Punnett-vierkanten werden begin 1900 gecreëerd door Reginald Punnett, enkele decennia nadat Gregor Mendel's baanbrekende experimenten met erwtenplanten de fundamentele wetten van overerving aan het licht brachten. Tegenwoordig worden Punnett-vierkanten vaak gebruikt om de principes te illustreren die ten grondslag liggen aan Mendel's experimenten.
Mendel bestudeerde de overerving van verschillende kenmerken van erwtenplanten, waaronder de vorm en kleur van erwten en peulen, de positie en kleur van bloemen en de plantgrootte. Mendel onderzocht ook erfelijke eigenschappen voor elk kenmerk. Paars en wit zijn bijvoorbeeld mogelijke kenmerken voor de bloemkleur. In erwtenplanten worden paarse en witte bloemen bepaald door verschillende genvarianten, of allelen, op de locus van het gen voor de bloemkleur.
Elk vierkantje in een Punnett-vierkant vertegenwoordigt een mogelijke bevruchtingsgebeurtenis, ofwel het genotype van het nageslacht, dat voortkomt uit twee ouderlijke gameten. Punnett-vierkanten zijn meestal gerangschikt in configuraties van 2×2 of 4×4 om de overerving van respectievelijk een of twee eigenschappen te visualiseren.
Met betrekking tot de nomenclatuur worden allelen aangegeven door de eerste letter van de eigenschap die wordt veroorzaakt door het dominante allel. Omdat geel bijvoorbeeld de dominante eigenschap van de erwtenkleur is, worden allelen die coderen voor de kleur van erwten aangeduid met de cursief gedrukte letter 'g'. Hoofdletters en kleine letters vertegenwoordigen respectievelijk dominante en recessieve allelen. G staat dus voor het dominante gele allel en g staat voor het recessieve groen allel.
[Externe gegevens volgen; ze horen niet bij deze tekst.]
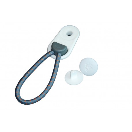 The white popper fitting attaches around the lower band of the awning, clipping through the storm guy tab. This fitting allows the included 10 rubber rings to attach to the awning. Guyline (not included) then ties through the rubber rings securing the awning to the ground.
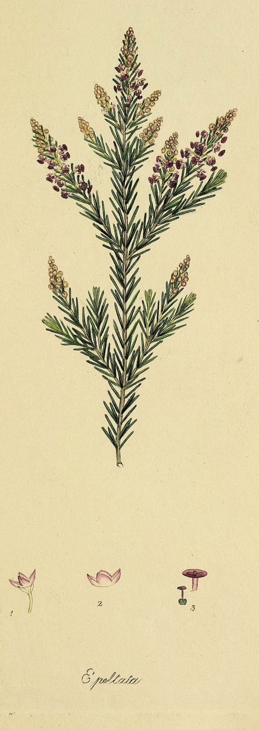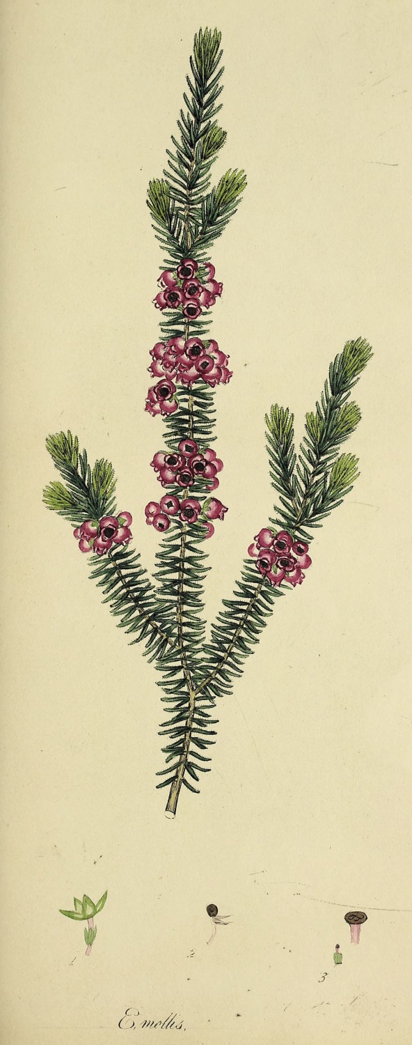 Tips crested, within the blossom. Flowers terminate the branches in umbels. Cup four-leaved; leaflets spatula-shaped, sharp-pointed, and flesh-coloured. Blossom pitcher-shaped, of a black red colour, whitish at the base; segments of the border spreading and pointed. Leaves by threes, lance-shaped, three-sided, pointed, and pressed to the branches. Stem twiggy, a foot high. Branches flexuose.

Om een 2×2 Punnett-vierkant te maken dat één eigenschap beschrijft, wordt één oudergenotype boven het diagram vermeld, met één allel in elke kolom. Het andere oudergenotype wordt links naast het diagram weergegeven, met één allel in elke rij. Elk vierkantje in de Punnett-vierkant bevat de twee allelen, een van elke ouder, die overeenkomen met het allel in de rij en kolom van het vierkant, en samen het mogelijk bevruchtingsresultaat vertegenwoordigen. De volledige inhoud van het Punnett-vierkant kan worden gebruikt om de waarschijnlijkheid te bepalen dat nakomelingen een bepaald kenmerk erven.
Ondanks dat Punnett-vierkanten meer dan 100 jaar geleden zijn gemaakt, hebben ze nog steeds verschillende relevante toepassingen. Punnett-vierkanten worden gebruikt voor erfelijkheidsadvies en helpen bij het bepalen van het risico van een kind op een erfelijke ziekte. Als een van de ouders bijvoorbeeld cystische fibrose heeft (twee recessieve, oorzakelijke allelen) en de ander het niet heeft of draagt, zal hun kind drager zijn (dwz één oorzakelijk allel hebben) maar geen risico lopen op cystische fibrose. Punnett-vierkanten kunnen ook dieren- en plantenkwekers helpen bij het selecteren van organismen met specifieke eigenschappen voor het voortzetten van de fokkerij.
Hoewel Punnett-vierkanten in veel contexten nuttig zijn, kunnen ze complexe genetische overerving niet nauwkeurig weergeven. Eigenschappen die worden gecodeerd door naburige genen op hetzelfde chromosoom, worden bijvoorbeeld vaak samen overgeërfd van één ouder, een fenomeen dat koppeling wordt genoemd. Deze eigenschappen zijn niet onafhankelijk gesorteerd, dus een Punnett-vierkant kan hun overervingspatronen niet nauwkeurig voorspellen. Sommige eigenschappen, zoals lengte, zijn niet geschikt voor Punnett-vierkanten omdat ze worden bepaald door verschillende genen en worden beïnvloed door omgevingsfactoren (bijv. voeding). Punnett-vierkanten zijn ook niet effectief in het voorspellen van erfelijkheid van eigenschappen die slechts door één ouder worden doorgegeven.